Code Written in R using RStudio Notebook. Open the R Markdown file here for code and commentary.
Our goal is to build a model that can predict mpg
. We want to be able to predict the mileage of a vehicle from other attributes.
The Auto
dataset is available in the ISLR
package. The dataset contains 392 observations with 9 attributes for each observation. The attributes are briefly described below:
- mpg - miles per gallon
- cylinders - Number of cylinders between 4 and 8
- displacement - Engine displacement (cu. inches)
- horsepower - Engine horsepower
- weight - Vehicle weight (lbs.)
- acceleration - Time to accelerate from 0 to 60 mph (sec.)
- year - Model year (modulo 100)
- origin - Origin of car (1. American, 2. European, 3. Japanese)
- name - Vehicle name
We ignore the name attribute as it is too varied to include in the model. We use all the data to train the model, and compute test error through cross validation.

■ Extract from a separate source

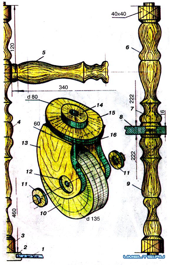 Готовое изделие лакируем, закрываем декоративными шарами выступающие концы крепежа (у рукоятки и верхних концов), а заглушками — технологические отверстия на колесах и планках ограждений.

See what variables are useful in predicting the outcome. Perform transformations as required.
Fit the model using:
- Standard Least Squares
- Best-subset selection
- Ridge regression
- Lasso regularization
- Principal Component Regression (PCR)
- Partial Least Squares (PLS)
Compare coefficients, MSE, and find the best model.
The best model was achived through Partial Least Squares (PLS). It gave us the lowest MSE - 8.677.